## [DATA RECORDS]
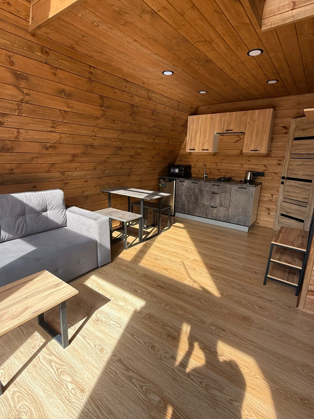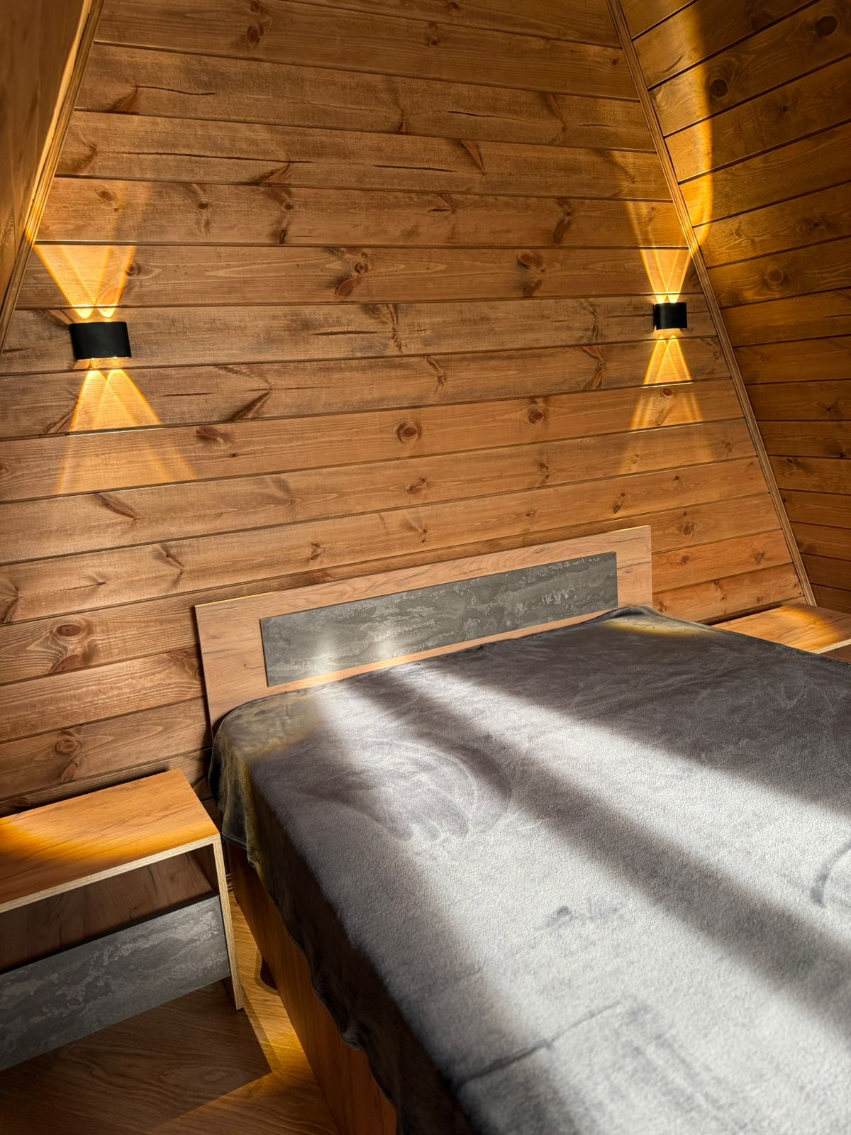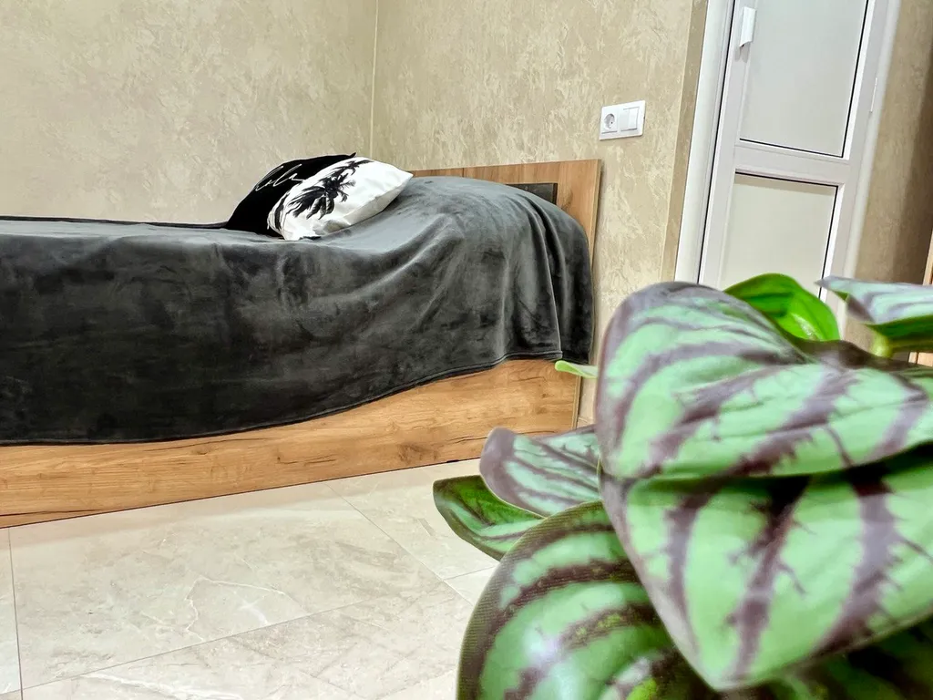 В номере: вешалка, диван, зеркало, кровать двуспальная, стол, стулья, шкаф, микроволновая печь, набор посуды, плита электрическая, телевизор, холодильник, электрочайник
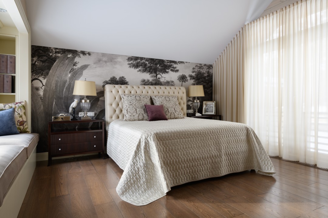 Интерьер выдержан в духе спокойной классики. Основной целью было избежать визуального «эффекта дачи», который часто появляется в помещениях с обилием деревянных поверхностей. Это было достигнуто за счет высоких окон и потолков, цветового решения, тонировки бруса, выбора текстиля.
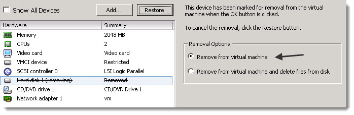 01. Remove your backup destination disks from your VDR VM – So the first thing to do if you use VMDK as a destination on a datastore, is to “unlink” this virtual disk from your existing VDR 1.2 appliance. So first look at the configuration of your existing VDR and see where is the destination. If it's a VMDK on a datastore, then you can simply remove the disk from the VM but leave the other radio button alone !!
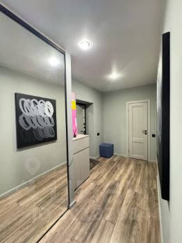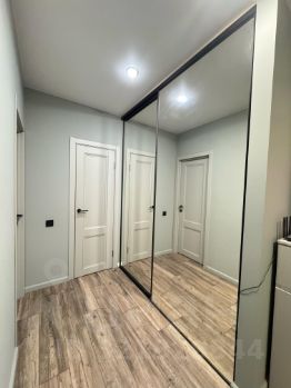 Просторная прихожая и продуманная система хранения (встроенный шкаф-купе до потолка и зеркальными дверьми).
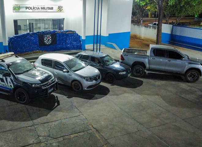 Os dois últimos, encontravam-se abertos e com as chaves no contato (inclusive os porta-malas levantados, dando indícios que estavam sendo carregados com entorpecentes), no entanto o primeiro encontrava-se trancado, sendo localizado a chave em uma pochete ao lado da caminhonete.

...

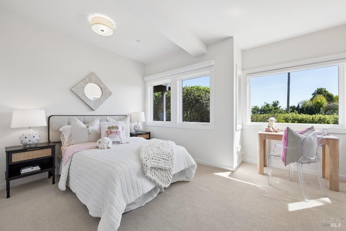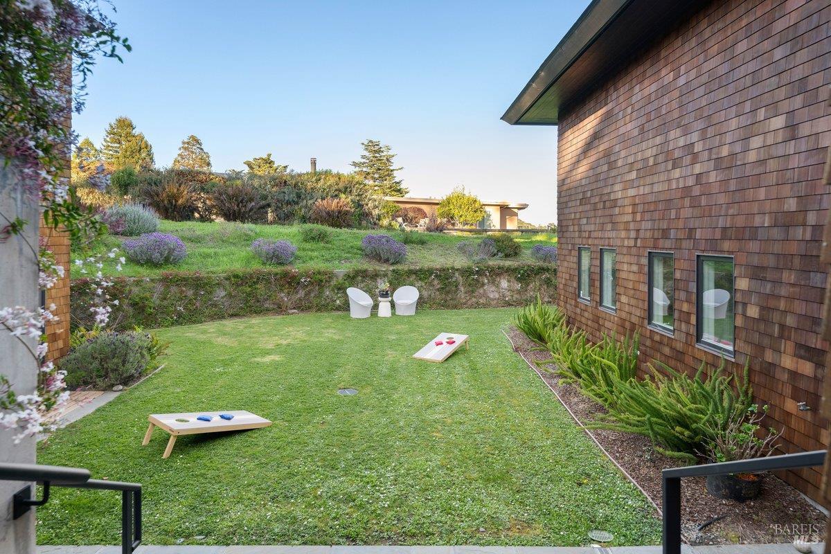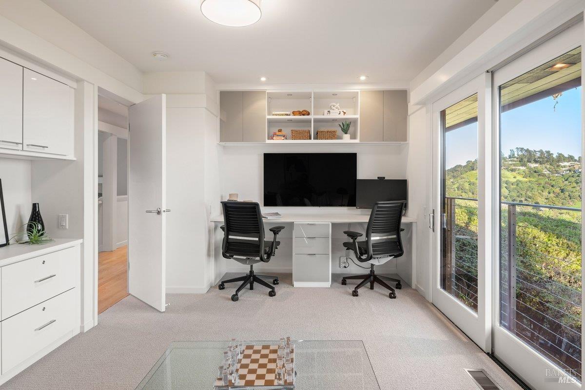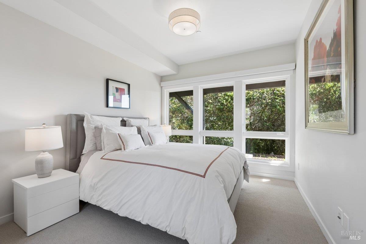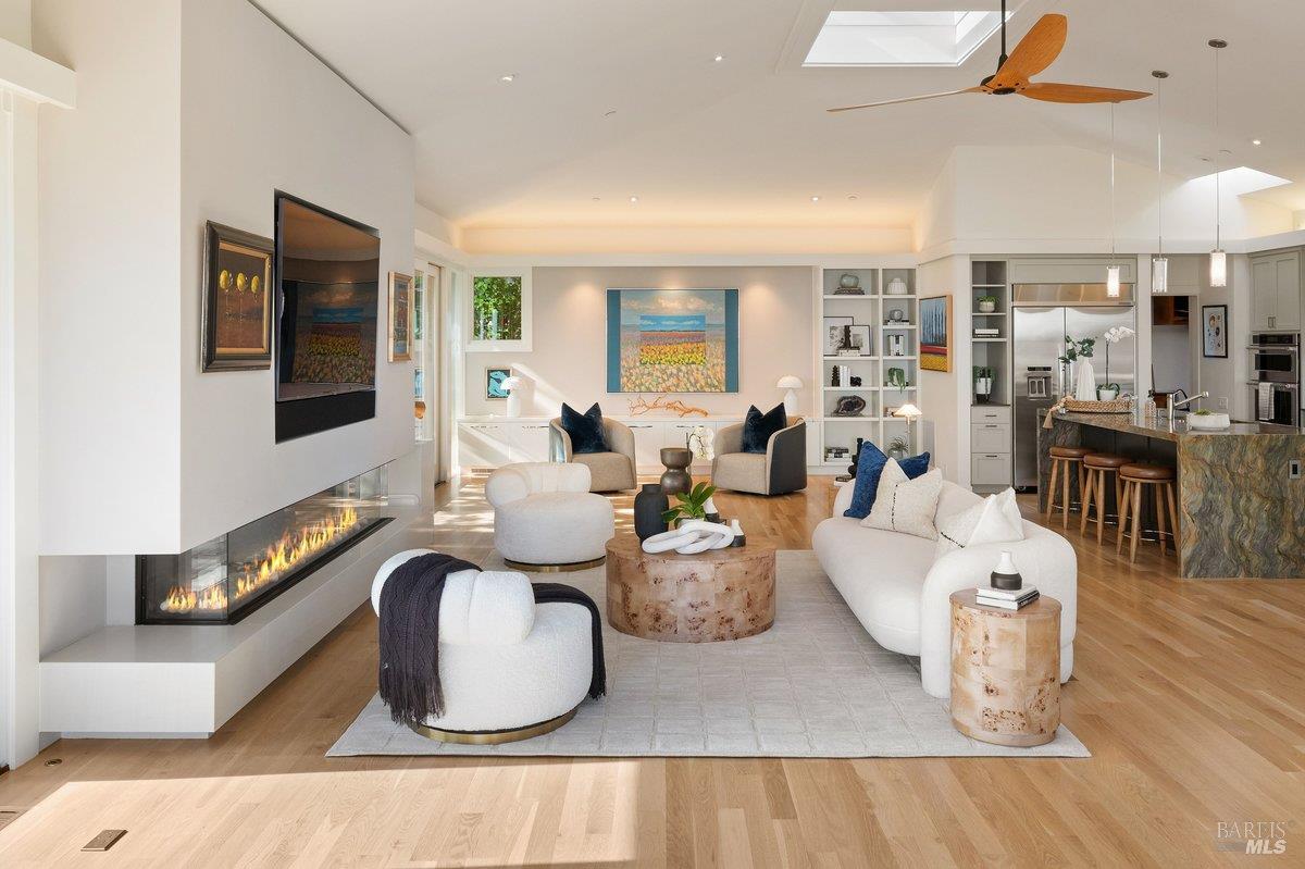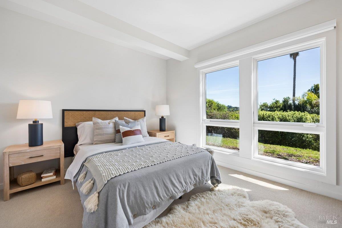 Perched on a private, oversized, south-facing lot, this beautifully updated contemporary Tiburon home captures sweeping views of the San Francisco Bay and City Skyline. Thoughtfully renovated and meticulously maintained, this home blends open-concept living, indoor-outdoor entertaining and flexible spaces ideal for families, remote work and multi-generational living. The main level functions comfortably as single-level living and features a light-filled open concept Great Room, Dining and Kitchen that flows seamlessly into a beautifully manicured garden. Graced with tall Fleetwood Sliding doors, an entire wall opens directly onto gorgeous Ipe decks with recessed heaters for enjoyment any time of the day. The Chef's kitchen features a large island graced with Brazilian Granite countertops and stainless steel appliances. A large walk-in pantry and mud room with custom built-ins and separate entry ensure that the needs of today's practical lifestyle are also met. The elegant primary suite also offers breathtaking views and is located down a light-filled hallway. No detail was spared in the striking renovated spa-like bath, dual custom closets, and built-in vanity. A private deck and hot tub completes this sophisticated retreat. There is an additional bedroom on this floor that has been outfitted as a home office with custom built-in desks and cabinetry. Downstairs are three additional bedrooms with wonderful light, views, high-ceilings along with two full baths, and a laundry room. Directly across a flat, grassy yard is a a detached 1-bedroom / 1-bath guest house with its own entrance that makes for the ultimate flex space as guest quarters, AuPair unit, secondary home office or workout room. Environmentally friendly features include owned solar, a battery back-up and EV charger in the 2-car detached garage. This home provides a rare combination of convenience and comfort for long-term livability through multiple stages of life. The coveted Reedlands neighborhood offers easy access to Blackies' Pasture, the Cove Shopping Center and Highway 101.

## [WHAT NEEDS TO BE DONE]
In the listing above, find the line containing "В номере: вешалка, диван, зеркало, кровать" and the line containing "Os dois últimos, encontravam-se"; print those lines and every line between them exactly, leaving out pictures.

## [SOLUTION TO THE PROBLEM]
 В номере: вешалка, диван, зеркало, кровать двуспальная, стол, стулья, шкаф, микроволновая печь, набор посуды, плита электрическая, телевизор, холодильник, электрочайник
 Интерьер выдержан в духе спокойной классики. Основной целью было избежать визуального «эффекта дачи», который часто появляется в помещениях с обилием деревянных поверхностей. Это было достигнуто за счет высоких окон и потолков, цветового решения, тонировки бруса, выбора текстиля.
 01. Remove your backup destination disks from your VDR VM – So the first thing to do if you use VMDK as a destination on a datastore, is to “unlink” this virtual disk from your existing VDR 1.2 appliance. So first look at the configuration of your existing VDR and see where is the destination. If it's a VMDK on a datastore, then you can simply remove the disk from the VM but leave the other radio button alone !!
 Просторная прихожая и продуманная система хранения (встроенный шкаф-купе до потолка и зеркальными дверьми).
 Os dois últimos, encontravam-se abertos e com as chaves no contato (inclusive os porta-malas levantados, dando indícios que estavam sendo carregados com entorpecentes), no entanto o primeiro encontrava-se trancado, sendo localizado a chave em uma pochete ao lado da caminhonete.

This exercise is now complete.